Picomolar SARS-CoV-2-spike-RBD quantities were detected by ELISA. (A) Schematic representation of the ELISA assay. (B) Workflow: Serial dilutions (100 nM to 100 fM) of RBD mixed with fetal bovine serum (FBS) were immobilized on an ELISA plate. The plate was incubated with peptide 1-biotin, followed by streptavidin-HRP and TMB substrate. (C) ELISA absorbance readout at 450 nM as a function of RBD concentrations. Measurements were performed in technical triplicates (n = 3), and statistical significance was calculated with the unpaired t test. RBD 100 nM vs no RBD, p = 0.0012 (**); RBD 100 pM vs no RBD, p = 0.018 (*).

Safety Statement

No unexpected or unusually high safety hazards were encountered.

Concluding Remarks

Taken together, we have shown the use of an affinity selection–mass spectrometry platform[27] for the rapid discovery of peptides binding to the SARS-CoV-2-spike-RBD. From 800 million synthetic peptides screened, we identified three motif-bearing sequences that have nanomolar affinity. These peptides bind SARS-CoV-2-spike-RBD with selectivity over multiple human serum proteins and could detect it at nanomolar to picomolar concentrations in an ELISA format. Cross-binding of peptide 1 to the MERS-CoV coronavirus spike protein indicated a possible binding site distal from the binding site for the human ACE2 receptor.

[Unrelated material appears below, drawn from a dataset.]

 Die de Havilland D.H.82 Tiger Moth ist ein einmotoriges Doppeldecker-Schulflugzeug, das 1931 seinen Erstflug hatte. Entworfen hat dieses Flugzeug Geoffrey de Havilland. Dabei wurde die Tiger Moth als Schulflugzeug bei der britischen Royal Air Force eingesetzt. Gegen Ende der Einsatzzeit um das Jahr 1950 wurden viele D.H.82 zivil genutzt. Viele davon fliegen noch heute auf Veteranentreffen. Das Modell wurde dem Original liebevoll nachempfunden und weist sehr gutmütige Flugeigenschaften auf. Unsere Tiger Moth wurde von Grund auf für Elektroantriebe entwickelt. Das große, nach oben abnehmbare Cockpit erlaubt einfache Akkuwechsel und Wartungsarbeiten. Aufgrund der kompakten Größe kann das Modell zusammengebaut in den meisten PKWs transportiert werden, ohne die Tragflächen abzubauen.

The peptides reported here are potential starting points for the development of affinity-based diagnostic tools.[33−35] High-affinity reagents without direct competition activity for native receptors could be used for virus-directed delivery of antiviral payloads, or for the development of proteasome or lysosome targeting chimeras (PROTACs[36,37] and LYTACs[38]). Adapting peptide 1 to a chemiluminescence enzyme immunoassay or a similar assay could improve its sensitivity for detection of SARS-CoV-2.[8,39] Because of its selectivity in biological media, peptide 1 could be utilized for the direct detection of SARS-CoV-2 in bodily fluids. Improved diagnostics are a topic of intense COVID-19 research as they may provide rapid, reliable, and early detection.[40] While direct detection suffers from low sensitivity,[10,41] the rapid identification of SARS-CoV-2 is critical for patient contact tracing, identifying hosts, and epidemiologic studies.[2−4] The peptides discovered by our platform may provide a useful SARS-CoV-2 detection modality to help achieve these goals.